There is a list of propositions discussed so far in this site.
Main Body
1: Description
For any finite number of sets, \(S_{1, i}\) and \(S_{2, i}\) where \(i = 1, 2, . . ., k\), any corresponding number of maps, \(f_i: S_{1, i} \rightarrow S_{2, i}\), the product map of the maps, \(f_{k + 1}: S_{1, 1} \times S_{1, 2} \times . . . \times S_{1, k} \rightarrow S_{2, 1} \times S_{2, 2} \times . . . \times S_{2, k} = (f_1, f_2, . . ., f_k)\), and any corresponding number of subsets, \(S_{3, i} \subseteq S_{2, i}\), the preimage of the product subsets, \(S_{3, 1} \times S_{3, 2} \times . . . \times S_{3, k}\) by the product map, \(f_{k + 1}^{-1} (S_{3, 1} \times S_{3, 2} \times . . . \times S_{3, k})\), equals the product of the preimages of the subsets by the component maps, \(f_1^{-1} (S_{3, 1}) \times f_2^{-1} (S_{3, 2}) \times . . . \times f_k^{-1} (S_{3, k})\), which is \(f_{k + 1}^{-1} (S_{3, 1} \times S_{3, 2} \times . . . \times S_{3, k}) = f_1^{-1} (S_{3, 1}) \times f_2^{-1} (S_{3, 2}) \times . . . \times f_k^{-1} (S_{3, k})\).
2: Proof
For any element, \(p = (p_1, p_2, . . ., p_k) \in f_{k + 1}^{-1} (S_{3, 1} \times S_{3, 2} \times . . . \times S_{3, k})\), \(f_{k + 1} (p) = (f_1 (p_1), f_2 (p_2), . . ., f_k (p_k)) \in S_{3, 1} \times S_{3, 2} \times . . . \times S_{3, k}\), so, \(f_i (p_i) \in S_{3, i}\), so, \(p_i \in f_i^{-1} (S_{3, i})\), so, \(p = (p_1, p_2, . . ., p_k) \in f_1^{-1} (S_{3, 1}) \times f_2^{-1} (S_{3, 2}) \times . . . \times f_k^{-1} (S_{3, k})\).

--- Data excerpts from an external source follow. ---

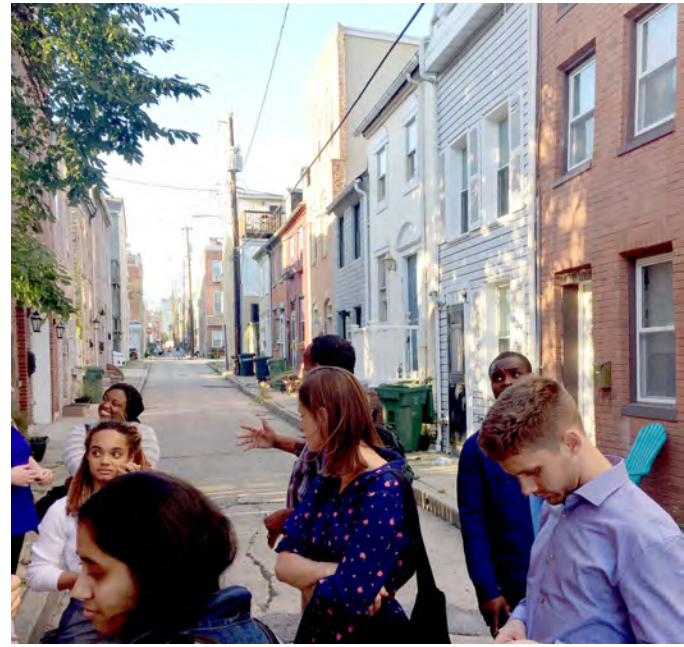
Figure 12. Graduate students at the University of Maryland studying historic preservation.

architecture as the required entry-level degree to practice. What you will find, however, is that most architecture programs will not be able to provide coursework in the areas of traditional construction materials and methods, building condition assessments, architectural materials conservation, or the application of preservation standards in rehabilitation projects. Realistically, you will need to have this educational background to competitively work in this particular sector. Some possibilities to ameliorate this situation include obtaining an undergraduate degree in historic preservation prior to entering a master of architecture program; or finding a school that has both architecture and historic preservation coursework, and while earning the master's degree in architecture, 1) take additional
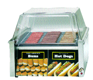
Model 30SCBD with Sneeze Guard

Grill-Max Roller Grills are covered by Star's one-year parts and labor warranty.
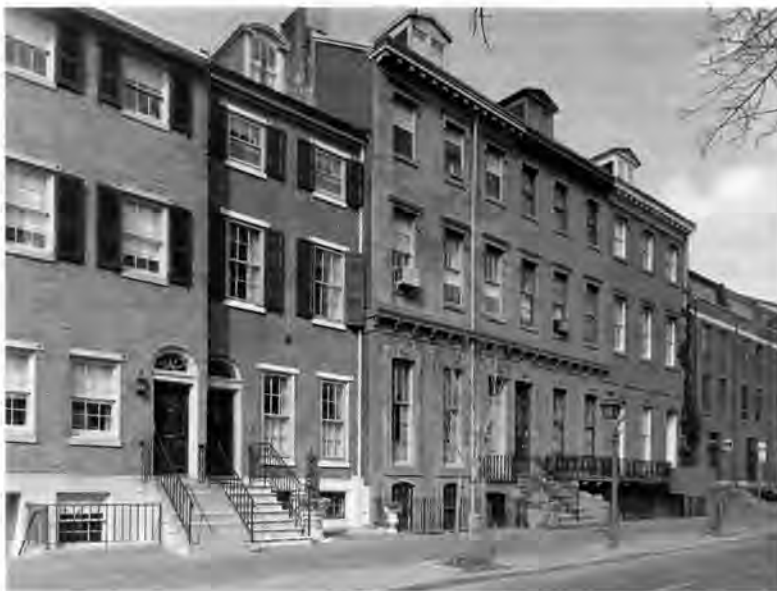
Society Hill Historic District, Philadelphia, Pennsylvania. Photo by G. Thomas, Clio Group, Inc., 1986. Courtesy National Register of Historic Places.

The traditions of preservation and conservation can't be said to reflect the mainstream of American culture, although undeniably there is support for these values. Unfortunately, we as Americans have liked our history served to us as amusement, sanitized and interpreted, but preferably not in our own neighborhood. Historic towns and cities, nice places to visit—but to live in? As we contemplate many of Pennsylvania's 19th-century industrial cities and their struggle for survival, it is becoming clear that a generation of our citizens has never set foot in them, and only knows shopping malls, highway commercial strips, and dormitory suburbs. Their puzzlement at our concern must be similar to that of the U.S. Army Corps of Engineers at the effort to save the snail darter—total incredulity.
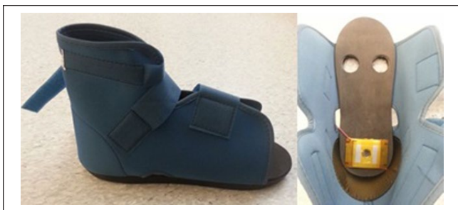
Figure 1. Actuator placed in a bandage shoe. Left: Transversal view of a (closed) bandage shoe. Right: Top view of an actuator placed inside an unfolded bandage shoe with holes in the sole. The actuator, with a 10 mm circular hole in the middle, is located at the heel placed above one of the holes in the sole of the bandage shoe in this figure. Please note that the actuator would be placed above the holes in the sole at MTP1 and MTP5 for the measurements at that location. The bandage shoe would be put on the foot of patients for measurements, and the biothesiometer placed exactly in the hole of the actuator for VPT assessment.

the actuator for VPT assessment. First, the sensation threshold for the actuator (ie, the minimum level of mechanical noise that the participant was aware of) was determined for each location separately. The output of the actuator was slowly increased until the participant indicated they did feel the noise and subsequently decreased from maximum output until the participant indicated they did not feel the noise anymore; the maximum output was the average of these two measurements. The stimulation level of the adapted actuator was set at 90% of this averaged threshold, to ensure the mechanical noise applied was subthreshold. If the maximum stimulation level was not felt, that level was used. VPT was measured three times at each location (MTP1, MTP5, and the heel) during two conditions (mechanical noise on or off). For each participant, the order of measurement conditions was determined by generating a random number (at http://www.random.org ), and following the sequence of conditions as marked by the generated number in a list with all possible sequences. Both the participant and investigator were blinded to the stimulation condition. The assistant-investigator applied the conditions in the determined sequence, while the investigator remained blinded and measured VPT. The average voltage of these measurements per location and per condition was calculated and used for further analyses.
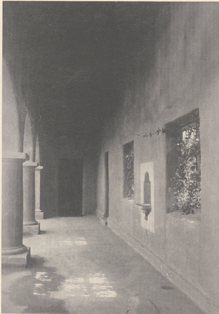
A striking view of the arched corridor of the Administration Building
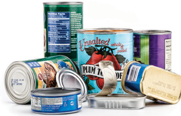
Food & Beverage Cans Latas de alimentos y bebidas
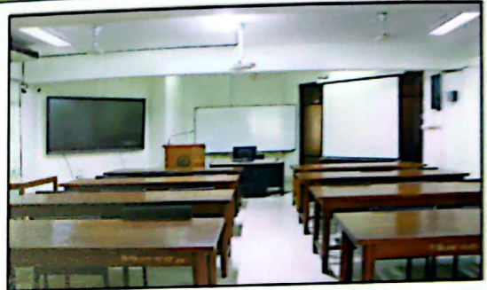
Shaheed Kudrat-E-Elahi Hall
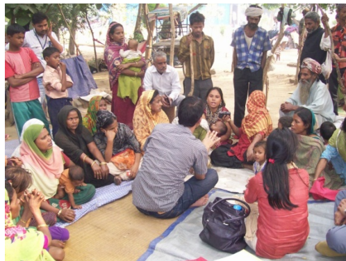
FGD with homeless women
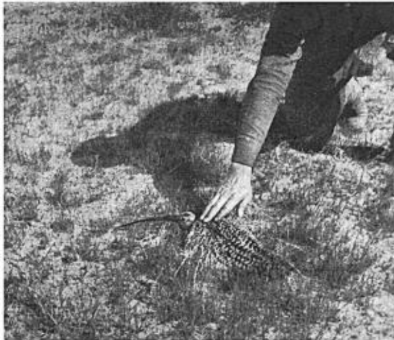
Fig. 10. THE AUTHOR STROKING A CURLEW WHILE ON ITS NEST.

I believe that the curlews are diminishing in numbers within the Salt Lake Valley. My own observations were not extended over a sufficient length of time to obtain any definite count; however, vast areas of their former breeding range
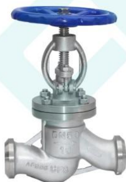
焊接截止阀 Welding stop valve
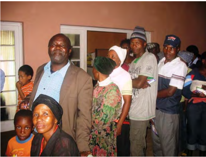
FRANKLIN COMMUNITY LINING TO GET SERVICE FROM THE SPECIALISTS, SASSA AND HOME AFFAIRS

For any element, \(p = (p_1, p_2, . . ., p_k) \in f_1^{-1} (S_{3, 1}) \times f_2^{-1} (S_{3, 2}) \times . . . \times f_k^{-1} (S_{3, k})\), \(f_{k + 1} (p) = (f_1 (p_1), f_2 (p_2), . . ., f_k (p_k))\), but \(f_i (p_i) \in S_{3, i}\), so, \(f_{k + 1} (p) \in S_{3, 1} \times S_{3, 2} \times . . . \times S_{3, k}\), so, \(p \in f_{k + 1}^{-1} (S_{3, 1} \times S_{3, 2} \times . . . \times S_{3, k})\).